We are also seeing new approaches emerge that connect artists and communities funded by a combination of public and private capital. Our research has shown that inspiring creative places and businesses are actively pursuing operating models designed to be replicated in new communities.
- Nashville, TN. Former Blackstone partner Tom Middleton and country music legend T Bone Burnett are working in a public-private partnership with the city of Nashville to redevelop the 21-acre site of the former Greer Stadium. The plan includes a park, public open space and greenways; 300 units of affordable, workforce, and market-rate housing; plus restaurants and shops. The heart of the complex is an art and music generator open to the community.
- Phoenix, AZ. Artist and fourth generation farmer Matthew Moore has teamed up with third generation restauranteur Aric Mei to launch Greenbelt Hospitality. The concept puts a working, two-acre organic farm in an urban park; couples it with an affordable restaurant serving farm-to-table meals; and places education and art events at the core of the complex. Any city with public parkland can host this self-sustaining creative enterprise.
- Seattle, WA. Sculptor Samuel Farrazaino, runs Equinox Studios LLC, 100,000-square feet of affordable workspace for 125 artists and artisans, including blacksmiths, sculptors, painters, ceramicists, glassblowers, leatherworkers, woodworkers, and photographers. Equinox is a for-profit model designed to be replicable by any developer in any town, showing how it is possible to generate a six to eight percent return by making affordable workspace available to artists.

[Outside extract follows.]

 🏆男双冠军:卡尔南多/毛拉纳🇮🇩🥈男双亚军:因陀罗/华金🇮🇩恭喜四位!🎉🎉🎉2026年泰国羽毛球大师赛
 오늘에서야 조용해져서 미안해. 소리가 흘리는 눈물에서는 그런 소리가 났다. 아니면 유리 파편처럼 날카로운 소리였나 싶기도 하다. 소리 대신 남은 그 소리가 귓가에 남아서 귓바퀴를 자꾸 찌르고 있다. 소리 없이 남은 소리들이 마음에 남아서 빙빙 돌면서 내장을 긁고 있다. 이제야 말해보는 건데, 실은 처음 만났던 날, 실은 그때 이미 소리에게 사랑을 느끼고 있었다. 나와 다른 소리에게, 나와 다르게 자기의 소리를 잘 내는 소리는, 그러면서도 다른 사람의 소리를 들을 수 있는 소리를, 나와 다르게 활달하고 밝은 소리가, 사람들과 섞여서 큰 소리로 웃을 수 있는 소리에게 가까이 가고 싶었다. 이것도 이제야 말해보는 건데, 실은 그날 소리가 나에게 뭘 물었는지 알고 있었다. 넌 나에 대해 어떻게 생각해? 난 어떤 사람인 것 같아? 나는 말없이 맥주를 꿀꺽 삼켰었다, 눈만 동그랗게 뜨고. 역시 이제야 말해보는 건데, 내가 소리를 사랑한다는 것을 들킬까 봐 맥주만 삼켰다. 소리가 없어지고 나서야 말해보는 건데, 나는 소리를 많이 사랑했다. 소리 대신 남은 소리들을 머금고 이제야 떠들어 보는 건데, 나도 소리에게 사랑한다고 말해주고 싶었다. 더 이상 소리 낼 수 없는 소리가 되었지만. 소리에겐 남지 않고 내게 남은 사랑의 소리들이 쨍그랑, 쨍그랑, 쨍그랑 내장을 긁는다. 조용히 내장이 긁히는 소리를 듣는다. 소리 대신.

Creative people gravitate toward solving problems. That’s why artists and designers are founders of leading internet companies: from AirBnB and Crowdrise, to Kickstarter and Etsy. They are transforming where we stay, how we give, and how we create. But most artists work in place. They are our neighbors. And they are the neighbors you hope move in next to you.
In St. Louis, De Nichols has started Civic Creatives to help citizens more creatively engage and address social topics that matter to them. Projects focus on public space, food and equity, conflict resolution, and youth. Nichols’ work uses storytelling, creativity, and technology to build connection and communication: “The more we build a community around being good to ourselves and reflecting on what’s happening in our lives and traversing through these issues, more people will find unity and commonality.”

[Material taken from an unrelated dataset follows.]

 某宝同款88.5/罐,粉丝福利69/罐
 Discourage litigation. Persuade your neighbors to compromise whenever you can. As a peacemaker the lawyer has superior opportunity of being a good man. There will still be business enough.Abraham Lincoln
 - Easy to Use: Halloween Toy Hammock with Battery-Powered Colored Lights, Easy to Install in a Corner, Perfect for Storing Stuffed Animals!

All of the people and organizations I mention here have been touched over the last 50 years by the National Endowment for the Arts (NEA), whether by participating in arts education school programs; visiting museums, theaters, and concert halls; or reading books published by adventuresome small presses. The grants made through the NEA directly fund dance companies, jazz performances, art exhibitions and film festivals. But the most important investment our federal arts agency makes is in our capacity as a society to innovate, to solve problems, and to be resilient. And nowhere is that more evident than in our communities.